11
Aug

Misc thoughts that have been floating around

I've had a few thoughts and things that keep coming back. In no particular order:

  • We moved about a month ago. In the midst of unpacking and tidying, I've had a few lows that have fuelled house-cleaning rampages. These flurries of vacuuming, bleaching, etc are incredibly productive, if not particularly healthy.
  • Hoosband was away camping with friends about 3 weeks ago. I fired up the Minimed Connect and added my mom to the list of people to be alerted by text if I went low, since Hoobs wouldn't have any cell service. Night 2 of this camping trip, I had a bad overnight low and I woke up to my dad offering me a glass of juice. I really, truly thought I was in good shape and had a handle on my overnight blood sugars. Guess it just goes to show that things are never certain when it comes to diabetes. 
  • My mom came grocery shopping with me on my first shopping trip after the move. When I mentioned that I needed dish soap, she pulled me aside and solemnly explained how I should go for the soap with a flip-top instead of a pull-top, as the pull-top bottles tend to get all gummed up with soap. I ended up stifling a laugh as I told her that it is a new house, yes, but this is far from my first time buying dish soap. I know what I'm doing. Sort of.
  • I still haven't finished unpacking my pump supplies. I'll get to it... when the current box of infusion sets runs out.
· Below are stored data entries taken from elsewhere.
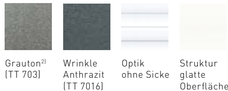
Grauton 2) (TT 703) Wrinkle Anthrazit (TT 7016) Optik ohne Sicke Struktur glatte Oberfläche

Entscheiden Sie sich für eine moderne, glatte Oberfläche ohne Sicke. Auch in Eisenglimmer und Wrinkle Anthrazit erhältlich.
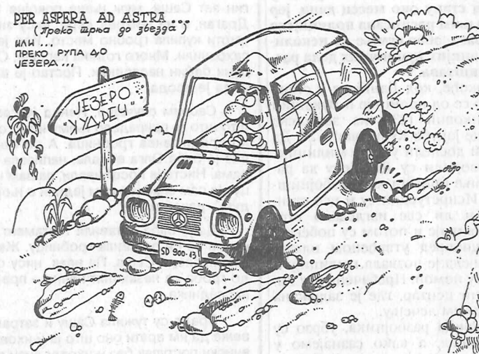
Прилог смеху на свој рачун смехотресне екипе Смедеревске Паланке
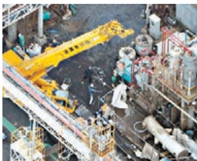
相關人員在爆炸現場善後。

Diabetes has been taking a backseat to the rest of Life lately. That should really change, soon.

22
Oct

Perspective

I had an endo appointment scheduled for today.  I don't normally look forward to these appointments. I have an excellent endo whom I absolutely adore, but that doesn't change the fact that medical appointments are never fun. Endo appointments always involve a trip to the hospital to do bloodwork in the week prior to the appointment, PLUS the whole download-pump-and-cgm-data thing, so overall each appointment ends up being a moderate amount of work.

I went last Friday (over an "extended lunch hour", where I leave for ~90 minutes to go to the hospital in the middle of the day, then stay late at work to make up the time. I really need to stop doing this on Fridays -- staying late on a Friday is never fun) for the blood stuff.  This morning I brought printed copies of my Carelink Device Settings, Sensor Overlay, and Weekly Logbook reports of my pump/cgm data to work. I also managed to turn my pinkie finger purple this morning (probably from a lancet set to go too deep? Love when that happens...not), which was a bummer.

 

It can be easy to get sucked into things like that. I was fixated on a few small things, minor issues, and perceived injustices: "UGH work is so busy, and I'm losing half of an afternoon to go to this appointment."  "UGH My finger has a gigantic bruise. It hurts to type/use a mouse."  "UGH TOO MANY THINGS ARE HAPPENING."

 

Later this morning, a shooter attacked a soldier standing guard at the War Memorial downtown, which is about a 5-minutes walk from the building where I work. Cpl. Nathan Cirillo was killed. The gunman got in a car and drove to the Parliament buildings, where he entered and again, shots were fired within the Centre Block. He was shot down by Sergeant-At-Arms Kevin Vickers.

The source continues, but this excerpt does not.